と、慌ただしく介抱するが、下級ポーションでは、複雑な骨折までは完治できない。

 仲間には、回復系の魔法が使えるものはいないようだ。


「あんたもここまですることないじゃないか!」

と、途中で止めに入った仲間の男がレティに抗議をする。

「ふざけたこと言うな。」

 ロバートが落ち着いた口調で言いながら立ち上がり、男を極々軽く威圧する。本気で威圧しようものなら、実力差から言って、失神させてしまうどころか、心臓を止めてしまいかねないが、そこまでやる気はなかった。

「うっ!?」

 抗議した男が、顔色を青白く変え、一歩後退る。


「お前は、これまでの経緯を全て見ていたんだろう?それでよくそんな事を言えるな。

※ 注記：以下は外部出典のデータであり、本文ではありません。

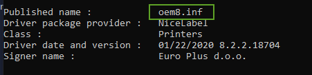 pnputil.exe -eA list of all INF files for installed drivers appears. The files are listed as
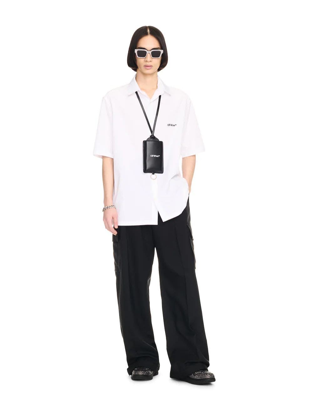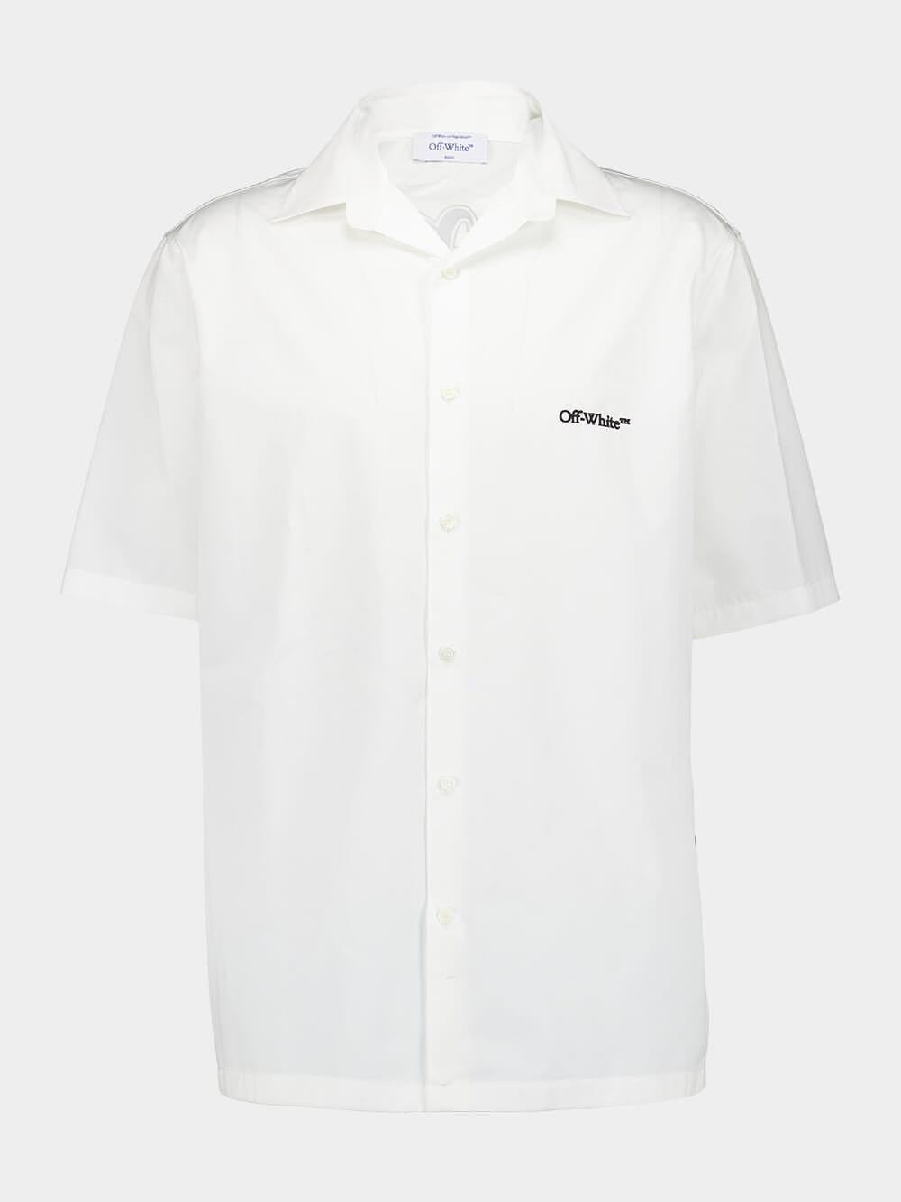 This 100% cotton poplin shirt has a boxy fit and features a small logo on the front pocket with a gothic text logo and arrow on the reverse. The short sleeves and button-up front add to its casual yet stylish appeal. Perfect for adding a modern edge to your wardrobe, this shirt combines comfort with a distinctive design.

大切な我が子をいきなり蹴り飛ばされた母親が、暴漢に立ち向かい排除した。それだけの事だろう?子供を襲うような変質者が反撃されてどうなろうが、被害者側が知った事か。寧ろ殺されなかったことを感謝するべきだろう?」

 ロバートは、冷静なようでも怒りを貯めていたようで、一気にまくし立てた。


「そうよね。仲間の悪行を必死になって止める様子も無くヘラヘラしているだけだし、ランクだけで相手を見下すのは正直どうかと思うけど、その年でランクC止まりなのは、人間的な問題が大きいんじゃないかしら?」

「全くだ。」

 成り行きを眺めていたナディアが、呆れながら言えば、ガイが妻の言葉に同意を示す。

 レティは、子供に向けていた優しい目が一転、冷たく差すような目で、軽率な言葉を吐く男を睨んでいる。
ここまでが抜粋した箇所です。